Recorded data:
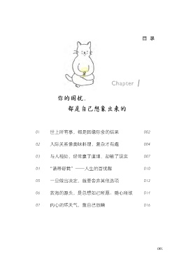 目 录 Chapter 1 你的困扰, 都是自己想象出来的 01 世上所有事,都是因缘际会的结果 002 02 人际关系像美味料理,复杂才有趣 004 03 与人相处,经常赢了道理,却输了现实 007 04 “请帮帮我”——人生的百忧解 010 05 一旦做出决定,就要舍弃其他选项 012 06 苦海的源头,是总想如己所愿、随心所欲 014 07 内心的坏天气,靠自己放晴 016 001
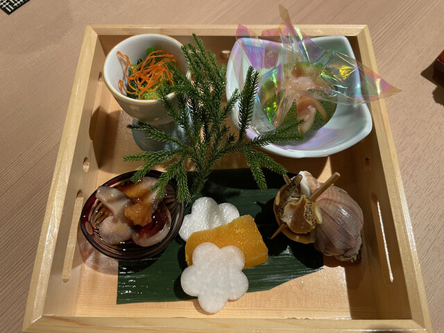 右上から時計回りにカボス皮の珍味盛りで甘えびのコノワタ和え、つぶ貝のうま煮、カラスミ大根、茶ぶりナマコ、菜の花の辛し和え糸雲丹のせ。
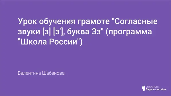 Урок обучения грамоте в увлекательной форме знакомит учеников со звуками [З], [З΄] и буквой, которая их обозначает. Ребята учатся отличать звук [З], [З΄] и букву, которая их обозначает от других звуков и букв; учатся читать слоги слова с новыми буквами. Урок способствует развитию фонематического слуха, мышления, обогащению словарного запаса учащихся.
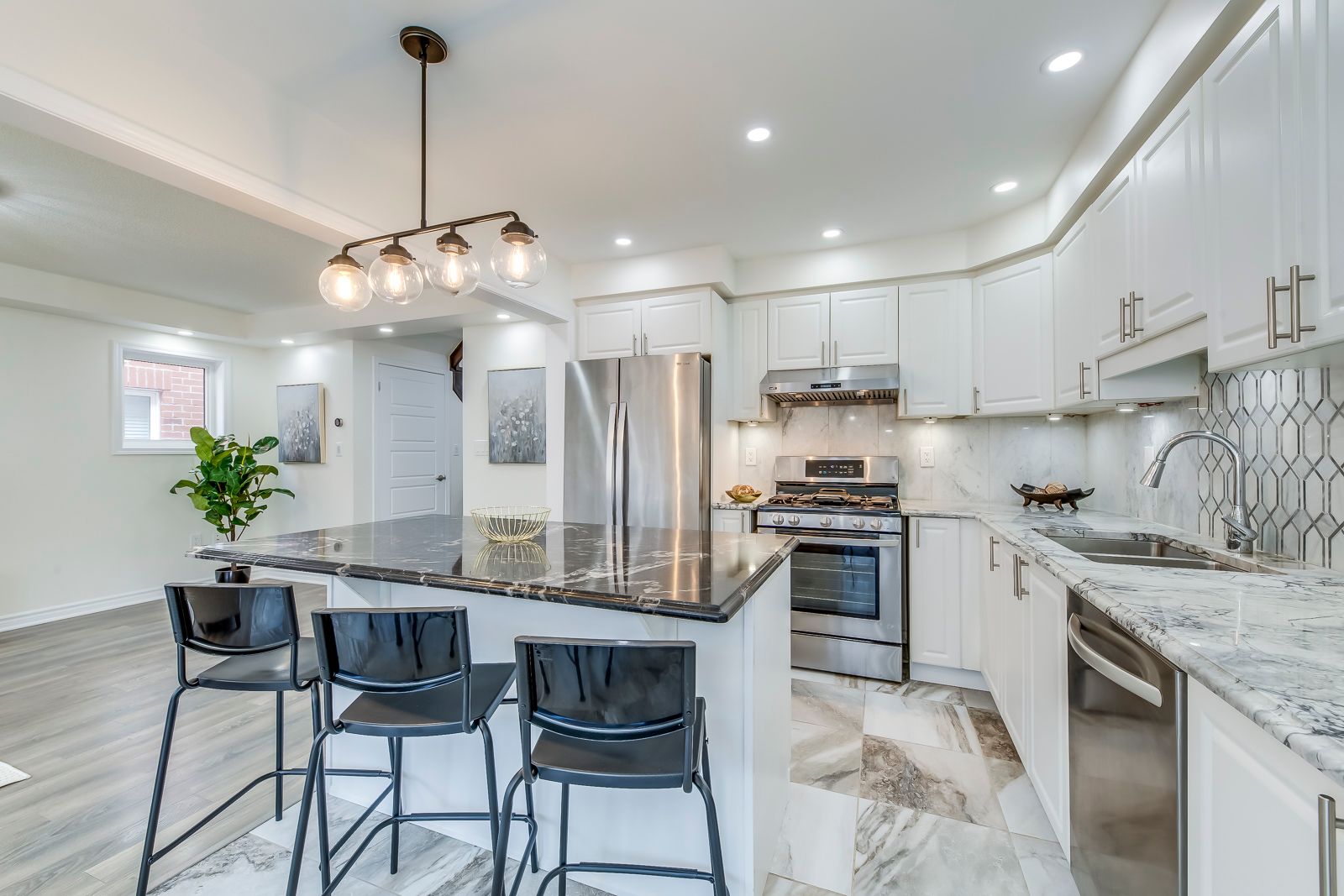 Welcome to this stunning mattamy end-unit townhome over 2800 sqft of living space, nestled on a quiet street in milton desirable ford neighborhood. With over almost 2000 sqft above grade, this home is spacious and functional! Fresh paint for all of house, offering 4 bedrooms, 3. 5 baths, and a thoughtful layout, featuring pot lights throughout, a new wood staircase with elegant iron pickets, and convenient interior garage access. The heart of the home is the extra size kitchen, marble countertops and backsplash, stainless steel appliances, and a large island with breakfast bar, flowing seamlessly into the eat-in area with direct access to the fully fenced backyard. The main level offers open-concept living with upgraded flooring and a separate formal front living/dining room, perfect for entertaining. 2nd floor presented a spacious primary suite with walk-in closet and ensuite, second-floor laundry, 3 good size bedrooms and an oversized linen closet and upgraded baths. The separate entrance basement features full separate living space with living area with large windows, bedroom, den, kitchen, full washroom and secondary laundry & dryer. The house has efficient with gas stove, gas dryer and backyard barbeque connection. This home has everything you need, combines comfort, style, and functionality, located on a quiet street in milton's sought-after ford neighborhood, you're just steps to boyne public school, st. Scholastica catholic, st. Fx catholic high, and the milton indoor turf centre. Communities.

The task:
In the listing above, find the line with "右上から時計回りにカボス皮の" and the line with "Урок обучения грамоте". Transcribe those two and everything between, exactly, leaving out pictures.

Solution to this exercise:
 右上から時計回りにカボス皮の珍味盛りで甘えびのコノワタ和え、つぶ貝のうま煮、カラスミ大根、茶ぶりナマコ、菜の花の辛し和え糸雲丹のせ。
 Урок обучения грамоте в увлекательной форме знакомит учеников со звуками [З], [З΄] и буквой, которая их обозначает. Ребята учатся отличать звук [З], [З΄] и букву, которая их обозначает от других звуков и букв; учатся читать слоги слова с новыми буквами. Урок способствует развитию фонематического слуха, мышления, обогащению словарного запаса учащихся.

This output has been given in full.